Resources + Controllers Overview

Kubernetes Resources and Controllers Overview

This section provides background on the Kubernetes Resource model. This information is also available at the kubernetes.io docs site.

For more information on Kubernetes Resources see: kubernetes.io Concepts.

Resources

Instances of Kubernetes objects (e.g. Deployment, Services, Namespaces, etc) are called Resources.
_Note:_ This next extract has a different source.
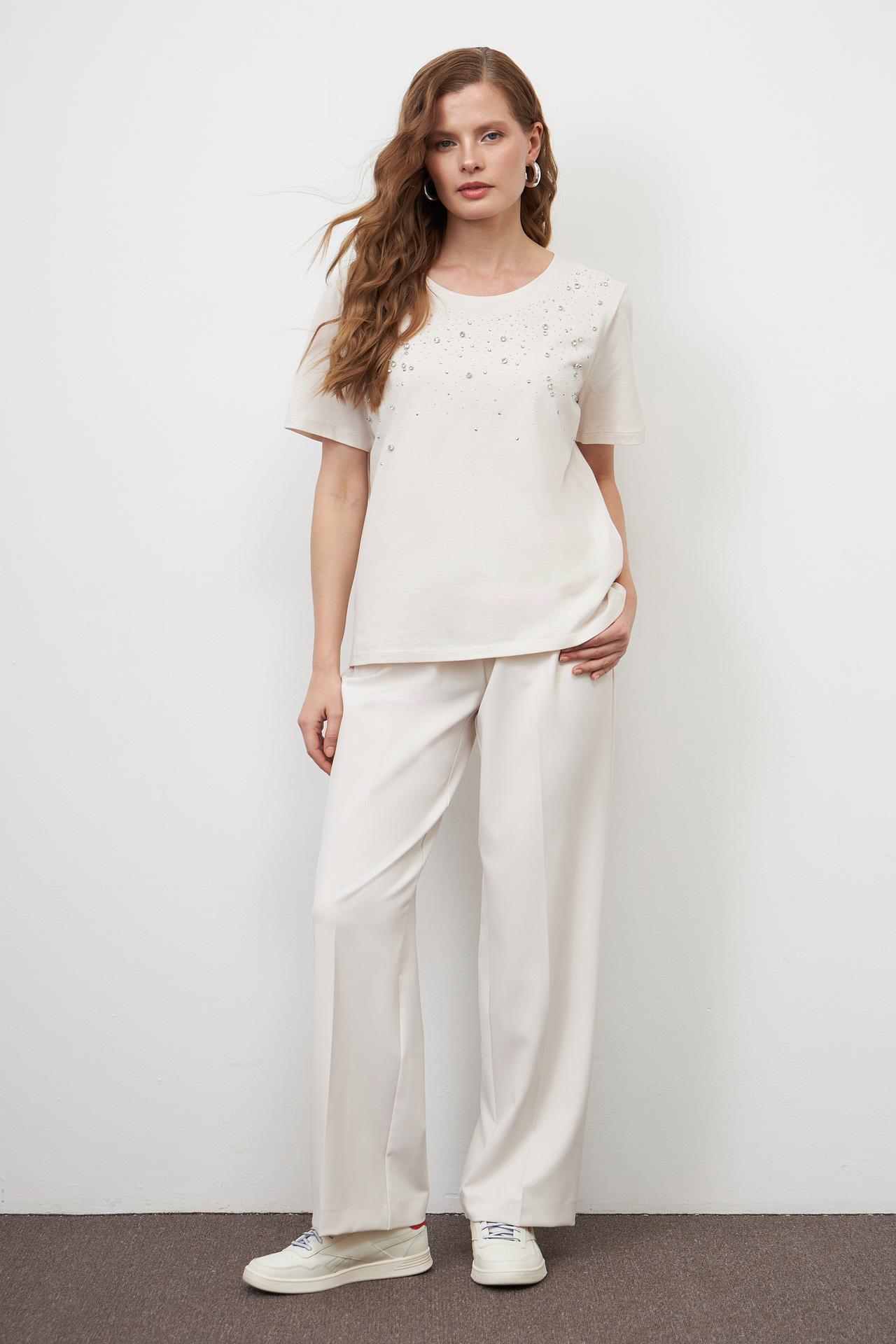 - Изысканный декор: Передняя часть футболки украшена россыпью страз и бусин различного размера, создающих утонченный и блестящий акцент. Декоративные элементы добавляют изделию праздничности и оригинальности, позволяя создать как повседневный, так и вечерний образ.

Resources which run containers are referred to as Workloads.

Examples of Workloads:

Users work with Resource APIs by declaring them in files which are then Applied to a Kubernetes cluster. These declarative files are called Resource Config.

Resource Config is Applied (declarative Create/Update/Delete) to a Kubernetes cluster using tools such as Kubectl, and then actuated by a Controller.

Resources are uniquely identified:

  • apiVersion (API Type Group and Version)
  • kind (API Type Name)
  • metadata.namespace (Instance namespace)
  • metadata.name (Instance name)

Resources Structure

Resources have the following components.

TypeMeta: Resource Type apiVersion and kind.

ObjectMeta: Resource name and namespace + other metadata (labels, annotations, etc).

Spec: the desired state of the Resource - intended state the user provides to the cluster.

Status: the observed state of the object - recorded state the cluster provides to the user.

Resource Config written by the user omits the Status field.

Example Deployment Resource Config

apiVersion: apps/v1
kind: Deployment
metadata:
  name: nginx-deployment
  labels:
    app: nginx
spec:
  replicas: 3
  selector:
    matchLabels:
      app: nginx
  template:
    metadata:
      labels:
        app: nginx
    spec:
      containers:
      - name: nginx
        image: nginx:1.15.4

Controllers

Controllers actuate Kubernetes APIs. They observe the state of the system and look for changes either to desired state of Resources (create, update, delete) or the system (Pod or Node dies).

Controllers then make changes to the cluster to fulfill the intent specified by the user (e.g. in Resource Config) or automation (e.g. changes from Autoscalers).

Example: After a user creates a Deployment, the Deployment Controller will see that the Deployment exists and verify that the corresponding ReplicaSet it expects to find exists. The Controller will see that the ReplicaSet does not exist and will create one.

Controller Structure

Reconcile

Controllers actuate Resources by reading the Resource they are Reconciling + related Resources, such as those that they create and delete.

Controllers do not Reconcile events, rather they Reconcile the expected cluster state to the observed cluster state at the time Reconcile is run.

  1. Deployment Controller creates/deletes ReplicaSets
  2. ReplicaSet Controller creates/deletes Pods
  3. Scheduler (Controller) writes Nodes to Pods
  4. Node (Controller) runs Containers specified in Pods on the Node

Watch

Controllers actuate Resources after they are written by Watching Resource Types, and then triggering Reconciles from Events. After a Resource is created/updated/deleted, Controllers Watching the Resource Type will receive a notification that the Resource has been changed, and they will read the state of the system to see what has changed (instead of relying on the Event for this information).

  • Deployment Controller watches Deployments + ReplicaSets (+ Pods)
  • ReplicaSet Controller watches ReplicaSets + Pods
  • Scheduler (Controller) watches Pods
  • Node (Controller) watches Pods (+ Secrets + ConfigMaps)

Overview of Kubernetes Resource APIs

Pods

Containers are run in Pods which are scheduled to run on Nodes (i.e. worker machines) in a cluster.

Pods run a single replica of an Application and provide:

  • Compute Resources (cpu, memory, disk)
  • Environment Variables
  • Readiness and Health Checking
  • Network (IP address shared by containers in the Pod)
  • Mounting Shared Configuration and Secrets
  • Mounting Storage Volumes
  • Initialization

Workloads

Pods are typically managed by higher level abstractions that handle concerns such as replication, identity, persistent storage, custom scheduling, rolling updates, etc.

The most common out-of-the-box Workload APIs (manage Pods) are:

  • Deployments (Stateless Applications)
    • replication + rollouts
  • StatefulSets (Stateful Applications)
    • replication + rollouts + persistent storage + identity
  • Jobs (Batch Work)
    • run to completion
  • CronJobs (Scheduled Batch Work)
    • scheduled run to completion
  • DaemonSets (Per-Machine)
    • per-Node scheduling

Service Discovery and Load Balancing

Service discovery and Load Balancing may be managed by a Service object. Services provide a single virtual IP address and dns name load balanced to a collection of Pods matching Labels.

Configuration and Secrets

Shared Configuration and Secret data may be provided by ConfigMaps and Secrets. This allows Environment Variables, Command Line Arguments and Files to be loosely injected into the Pods and Containers that consume them.